Validation by comparing QoI distributions

This tutorial shows how to use a Validation Similarities pattern in EasyVVUQ.

We test here two quantities of interest (QoI) represented by two analytical functions with Gaussian uncertainties.

The first function is a parabolic function:

mu1 = (y - 50.)**2 / 500.
sig1 = 0.2
dist1 = chaospy.Normal(mu1, sig1)

The second function a constant but with changing uncertainty on one side:

mu2 = 2.5
sig2 = 0.1 + 0.01 * y
dist2 = chaospy.Normal(mu2, sig2)

In the upper pannel of the figure given below, you see how these functions look when we are varing y in the intervalle [0, 100].

Validations metrics

In EasyVVUQ, we implemented the calculation of three different metrics: Hellinger, Jensen-Shannon and Wasserstein (cf. references below for more details). This allows us to compute distances between two QoI distributions.

QoI distributions

We can use Chaospy to compute the probability densities and the cummulative distributions functions needed for the above-mentioned metrics:

# Probabily densities: for Hellinger and Jensen-Shannon
p1 = dist1.pdf(x)
p2 = dist2.pdf(x)

# Cummulative distributions (with weight): for Wasserstein
dx = x[-1] - x[0]
c1 = dx * dist1.cdf(x)
c2 = dx * dist2.cdf(x)

The sampling values x can be computed using the min/max values of a common large support of QoI distrubtions, for example:

x = np.linspace(min_value, max_value, 1000, endpoint=True)

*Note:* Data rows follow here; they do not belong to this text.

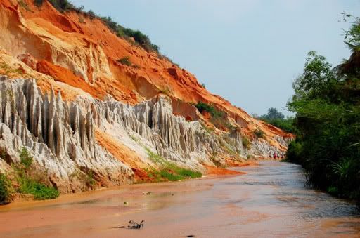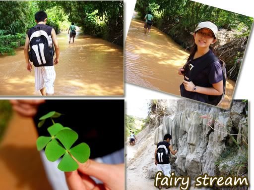 拍得过瘾后,我们继续我们的最后一站,Fairy Stream。这里,我该怎么说呢?其实,来到这里,我们必须赤脚在水上走一段路,一路上看那多年来被风化后而形成的山,沙和土。这里的沙比白沙丘还细,山腰有着白,黄,褐三种颜色的土, 可以说是蛮特别的。据说走到尾段还可以看到瀑布,可是那时太阳实在太猛烈了,我们还没走到瀑布就放弃了。
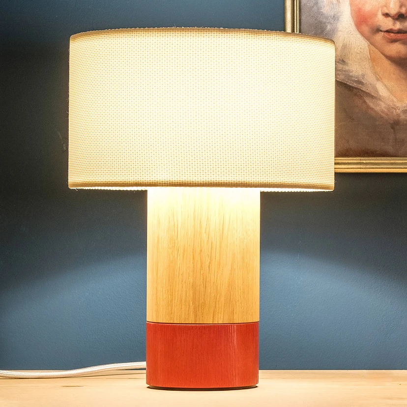 HELL table lamp Klippa with dimmer The wide cylindrical lampshade is made of newly developed Trooper fabric, which sets an Akzent with its clear structure. Its alabaster white colouring gives Klippa a bright character. The cylindrical shape is continued in a narrower form in the base in natural oak and the coral-red base. The cable is equipped with a practical manual dimmer.
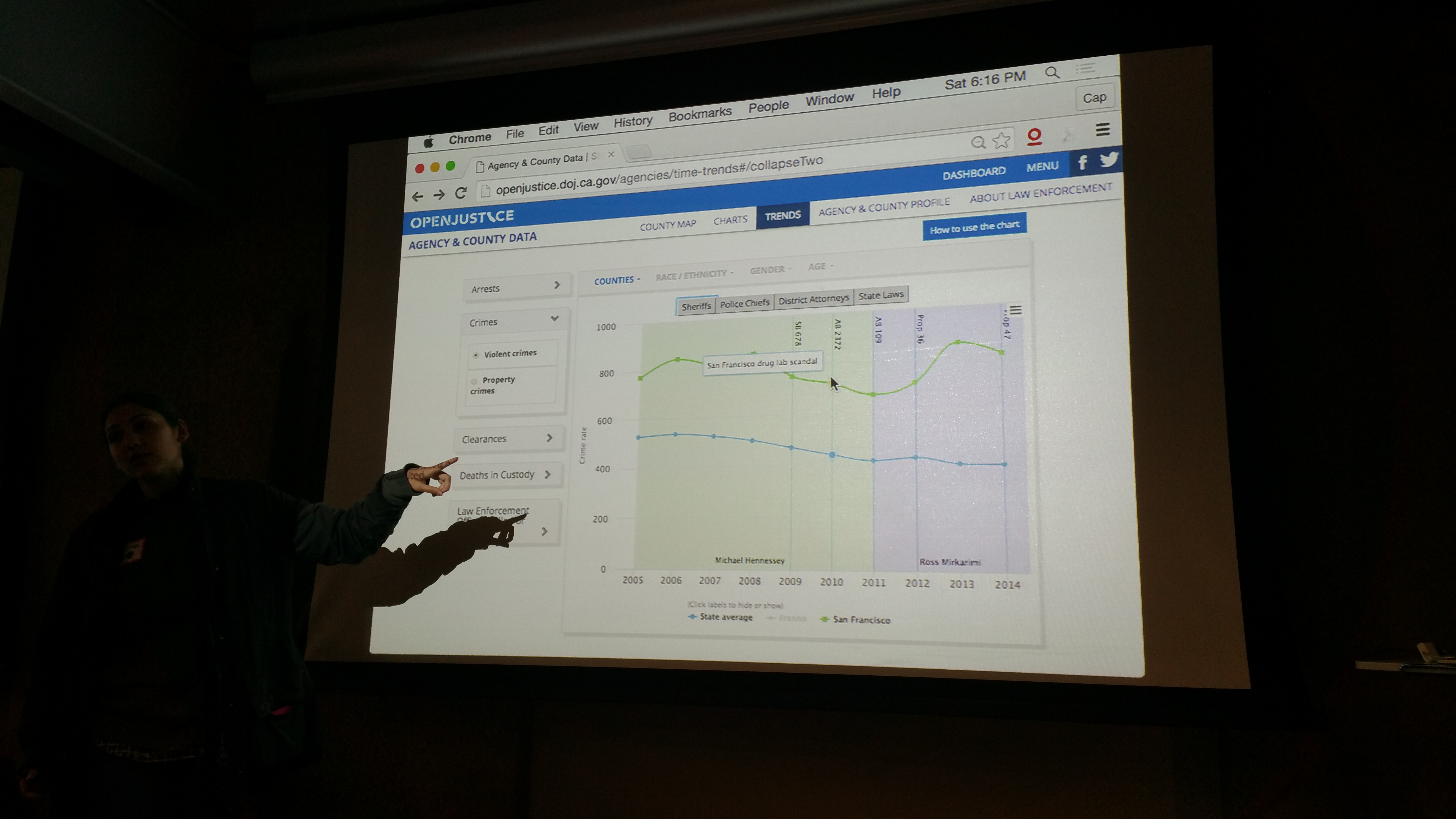 2. Making Criminal Justice Data come alive: How can we make all the data that the DOJ gathers about the justice system in California be more useful and engaging? Are there other displays, data sets, interactive features, or beyond that could make this data more meaningful? The target users here are researchers, journalists, policy-makers, and engaged citizens who want to understand the realities of how the justice system is operating, and to figure out better ways to intervene and improve it. (As well as, even, what better questions we can be asking about the system — where to be looking to find sparks for new solutions).
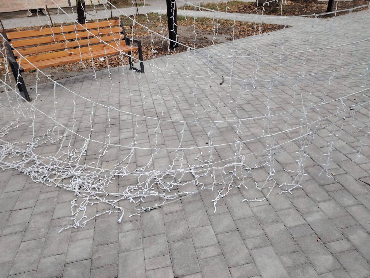 Предыдущий акт вандализма произошел меньше двух недель назад. Неизвестные вандалы также стянули с опор часть новой иллюминации.
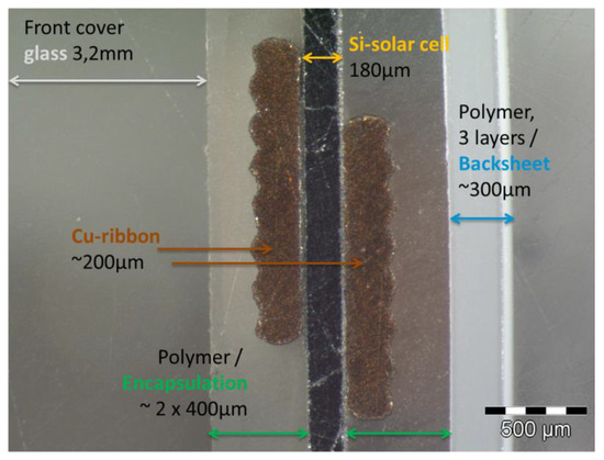 Light microscopic image of the cross section through a standard Photovoltaic (PV) module.

Note 1: The min/max values can be obtained from lower and upper bound of the distributions. In case of univarainte distribution, we can use: dist.lower[0] and dist.upper[0].

Note 2: Distribution based on samples

To build QoI distribution from list of samples that resutls fron UQ simulations, observations or measurements, we can use:

dist = chaospy.SampleDist(samples)

It estimates a distribution from the given samples by constructing a kernel density estimator (KDE).

Validate similarities

Once probabily densities functions (or Cummulative distributions) are comupted for each QoI, we create a validater, object of EasyVVUQ, and get the distance using compare routine. We can use for example Hellinger metric by comparing two lists of probabily densities, pdf1 and pdf2:

# Validater based on Hellinger metric
validater = easyvvuq.comparison.ValidateSimilarityHellinger()
distance = validater.compare(pdf1, pdf2)

The complete code for this example, using other metrics, can be found here.

Finally, in the lower panel of the the different distances between QoI 1 and Qo 2 are displayed:

_images/validation.png

The first two are yielding answers between 0 (zero distance: identical distributions) and 1 (very different), Wasserstein instead are unrestricted with a lower limit of zero.